ISS: International Staging System; R-ISS: revised International Staging System, LDH: Lactate dehydrogenase; β2m: β2microglobulin.

Table 2.

Characteristics of FDG-PET/CT parameters at baseline (before harmonization).

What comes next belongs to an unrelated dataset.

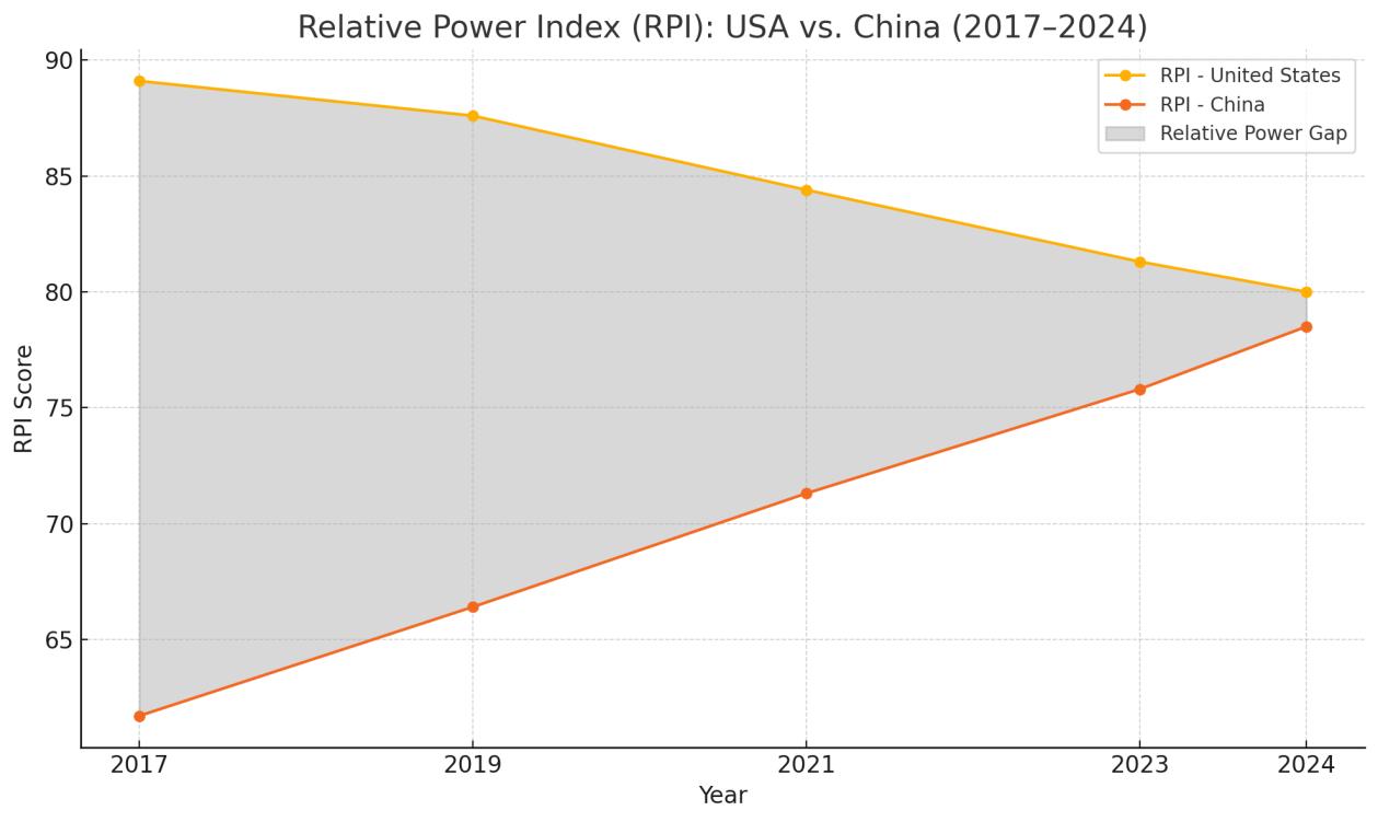 Figure 7: Relative Power Index (RPI), USA vs. China (2015–2024)

Baseline (n Patients) Overall (227) France (134) Italy (93) p-Value
Presence of FLs n (%) 165 (72.7) 99 (73.9) 66 (70.9) 0.652
Presence of EMD n (%) 17 (7.5) 13 (9.7) 4 (4.3) 0.199
BM SUVmax (Median [IQR]) 3.40 [2.63, 4.50] 3.70 [2.90, 4.97] 2.82 [2.29, 3.82] < 0.001
FL SUVmax (Median [IQR]) 5.60 [4.0, 8.5] 5.70 [4.45, 8.45] 5.34 [3.59, 8.56] 0.306
Liver SUVmax (Median [IQR]) 3.27 [2.79, 3.87] 3.28 [2.80, 3.90] 3.26 [2.52, 3.86] 0.248
Mediastinal SUVmean (Median [IQR]) 1.56 [1.33, 1.80] 1.54 [1.34, 1.72] 1.58 [1.27, 1.86] 0.768
Bone SUVmax (Median [IQR]) 5.00 [3.45, 7.89] 5.20 [3.8, 8.00] 4.30 [1.06, 7.44] 0.01

FLs: focal lesions; BM: bone marrow; EMD: extra-medullary disease; SUV: standard uptake value.

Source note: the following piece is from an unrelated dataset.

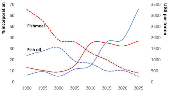 The most important operating variable during Atlantic salmon aquaculture, representing around 47% of the cost of production in major salmon-producing countries, is feed []. Traditionally, salmon feed has relied heavily on fishmeal (FM) and fish oil (FO) as major ingredients [,]. This is because FM has high nutrient density, is decidedly digestible and palatable, and has an outstanding profile of essential amino acids, vitamins, and minerals. Because salmon and other vertebrates lack the δ12 and δ15 desaturases needed to convert oleic acid (18:1 n-9) into linoleic (C18:2 ω-6) and α-linolenic (18:3 ω-3) acid, they are unable to synthesize essential omega-3 fatty acids (EFAs) such as eicosapentaenoic acid (EPA) and docosahexaenoic acid (DHA) de novo [,]. For these reasons, FO, an excellent source of EPA and DHA, became the gold standard provider for farmed salmon. However, over the last few decades, there has been a steady reduction in the use of FM/FO in salmon feeds (Figure 1), and this trend is likely to continue for a variety of reasons. First, catches from industrial fisheries, which embody the key raw material for aquafeeds (i.e., forage fish), have experienced declines and fluctuations due to overfishing, natural events (e.g., El-Niño Southern Oscillation events), and climate change-induced effects [,]. Second, a greater proportion of forage fishes are now being used directly as human food [,], and third, competition for FM and marine oils has increased from the animal feeds sector, supplement, functional food, cosmetic, and pharmaceutical industries [,,]. These factors have combined to raise the cost of FM and FO (Figure 1), and have spurred research into the use of alternative, more sustainable, and often cost-effective ingredients, which are now finding a more prominent place in marine carnivore feeds.

2.2. After M-Combat Harmonization

After harmonization by M-Combat, univariate analysis revealed age and male gender negatively affect PFS (p = 0.035 and p = 0.40 respectively). Patients without EMD had a longer PFS compared to patients with EMD (median PFS: 48 months vs 20 months; p = 0.033) (Figure 1) but no significant difference was observed on OS.

Figure 1.

Figure 1

Progression free survival according to EMD at baseline.

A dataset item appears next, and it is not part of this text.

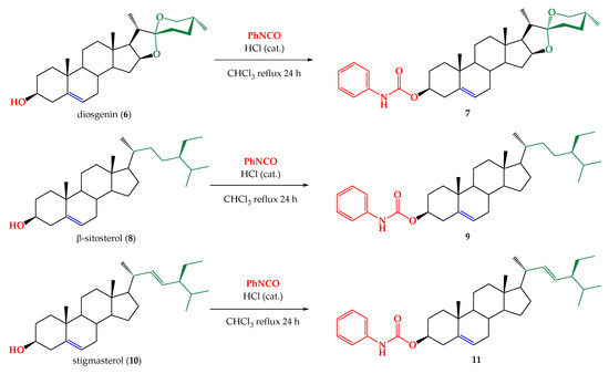 The synthesis of corresponding carbamates of diosgenin, β-sitosterol and stigmasterol was carried out by reacting these starting compounds with phenyl isocyanate, using CHCl3 as solvent and HCl as acid catalyst (Scheme 1) [38,39,40].

The autograft treatment arm also had improved PFS compared to the medical arm (median PFS: 57 months vs 43 months; p = 0.038). Baseline FLs SUVmax and bone SUVmax significantly affected PFS and OS: PFS was shorter for patients with baseline FLs SUVmax higher than 2.9 and bone SUVmax higher than 3.4 (respectively, median PFS: 44 months vs 61 months, p = 0.019; 45 months vs not reached, p = 0.012) (Figure 2A,B). For OS, FLs SUVmax and bone SUVmax higher than 6.3 and 7.1 respectively were pejorative (p = 0.017 and p = 0.007 respectively) (Figure 2C,D).

Figure 2.

Figure 2

Progression free survival according to FL SUVmax (A) and Bone SUVmax (B) at baseline; Overall survival according to FL SUVmax (C) and bone SUVmax (D) at baseline.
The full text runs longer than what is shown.